Hi, I’m Tracy from Chambersburg PA. I’ve been baking almost all of our bread for about 7 years. I started making pizza dough in the late 1980’s and am still going strong with that! I never wanted to get into sourdough baking because it seemed too fussy and used up a lot of flour. I changed my mind after I read about the quarantiny starter in the Washington Post in Sept 2020. I started my own starter in January 2021. (How’s that for a New Year’s resolution?) It’s been a somewhat rocky time getting my bread to rise properly so now I’m making the same recipe from KAB and decreasing the amount of optional yeast added to the dough with the starter. I’m feeling more confident about my starter now and hope to make a 100% sourdough loaf soon. I like to bake with at least 50% whole grain flour so that’s what I’m working toward.

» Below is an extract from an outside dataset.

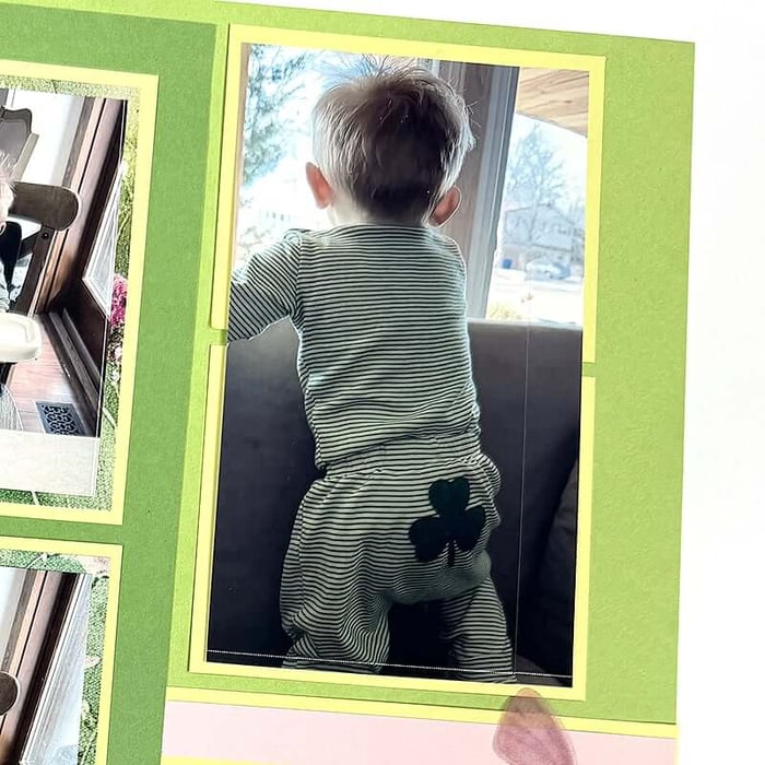On the right, crop a single photo to 3-1/4 x 5-7/8" to span the space created by the twin Yellow mini mats.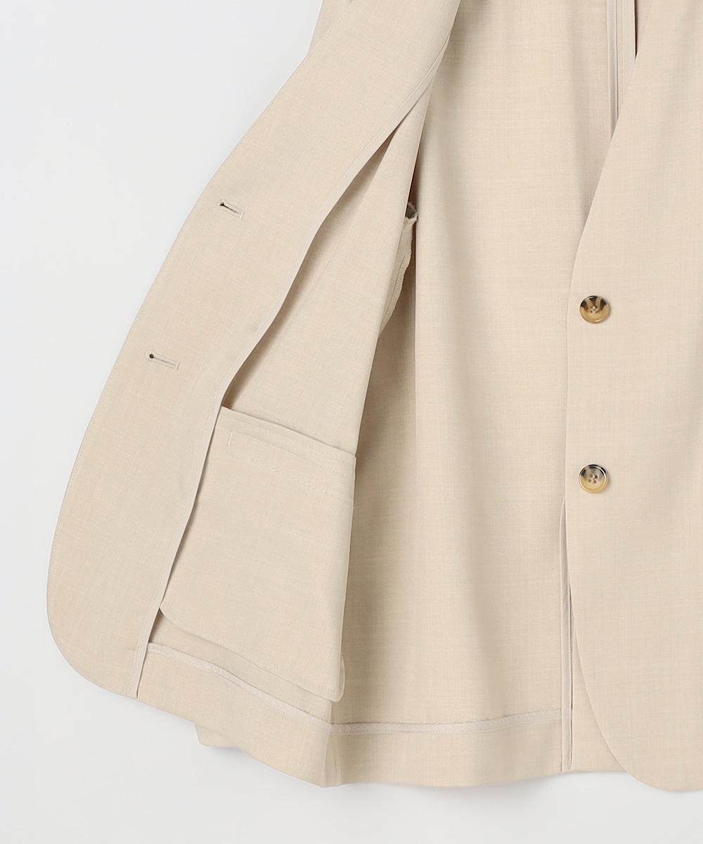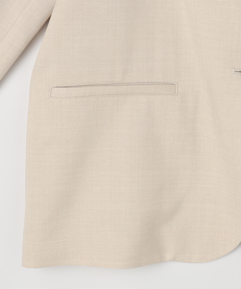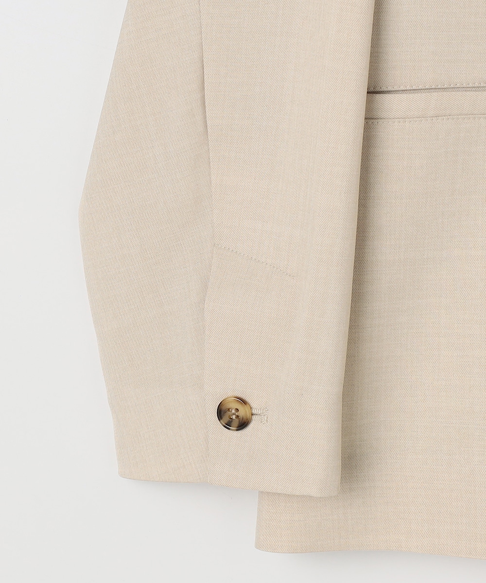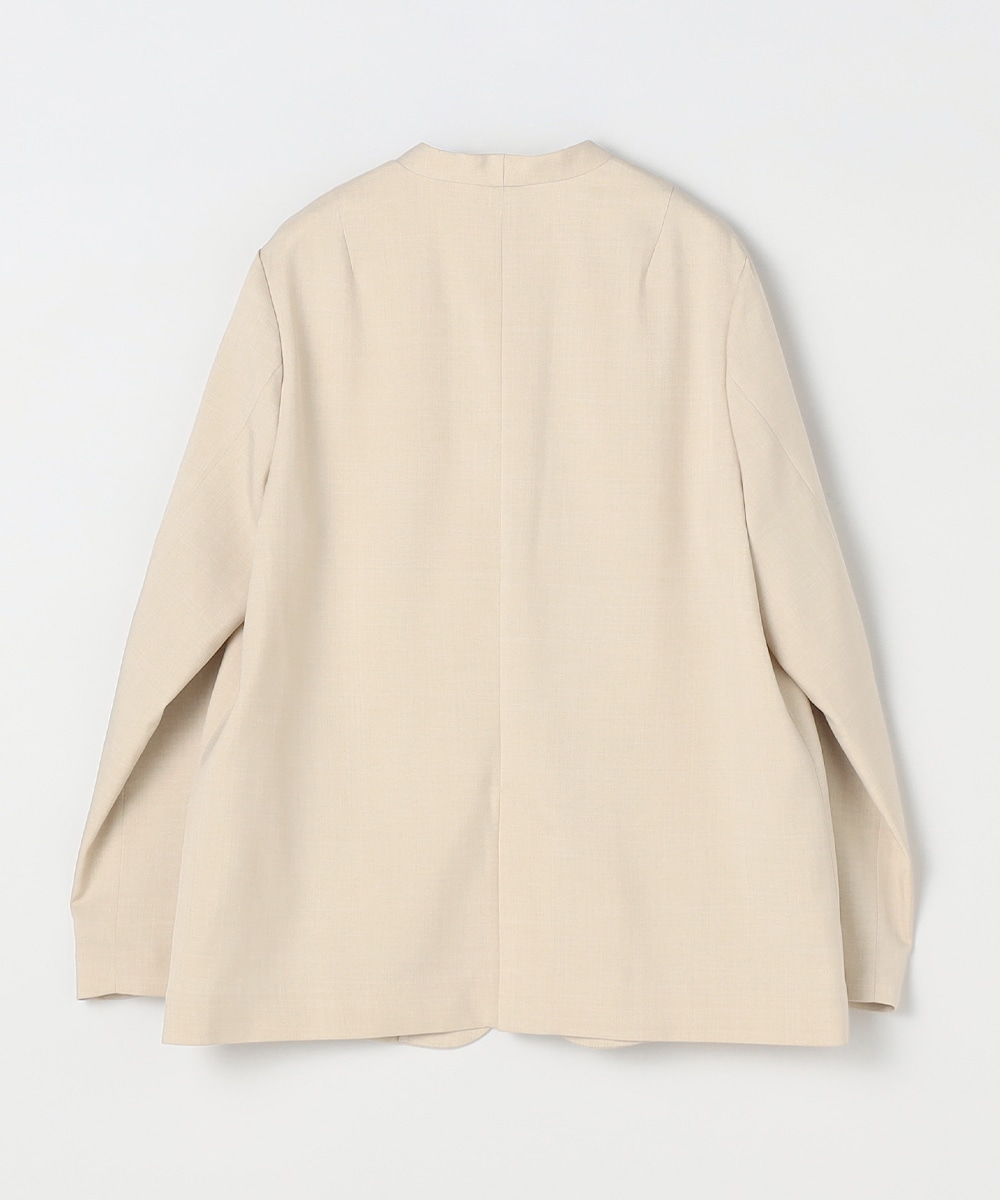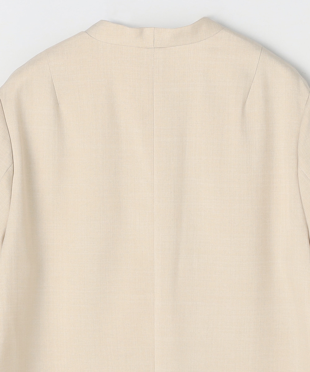 フェイスラインがすっきりと見えるノーカラー×Vネックのデザインです。キレイ目に着こなせて、ビジネスシーンやお出かけにも重宝します。マーブル調のボタンを取り入れるなど、細部にもこだわって仕上げました。ベーシックで上品なベージュと今年のトレンドにマッチする爽やかなブルーの2色展開です。

Hello, fellow bakers. My name is Rick, and I live in Washington, DC. I started baking in March 2020 at the beginning of the COVID shutdown. I decided that if was going to be home all day, I needed something to get me away from the computer and the constant stream of email I would otherwise feel compelled to answer (I am a DC lawyer). I started with some recipes from my wife's vintage copy of "Beard on Bread" and then moved on to a wide variety of recipes on the KAB website. Sometime in the summer of 2020, I made my first sourdough starter, and we've been going strong ever since. Since then I've worked my way through many of the Ken Forkish recipes in "Flour Water Salt Yeast"; taken Andrew's Sourdough Lifestyle virtual class; watched all of Apollonia Poilane's Master Classes; and tried to learn as much as I can from the "experts."
Currently I am experimenting with Andrew's Sourdough Porridge Sandwich Bread, all three ways. I think I like the oatmeal-maple syrup version the best. One of the things I need help with is my scoring technique, especially for baguettes (mine always see to rip a bit).
My family says I have become a bit obsessed. Have you ever seen the movie "Jiro Dreams of Sushi"? Sometimes I feel like that.
I look forward to sharing ideas and experiences with all of you.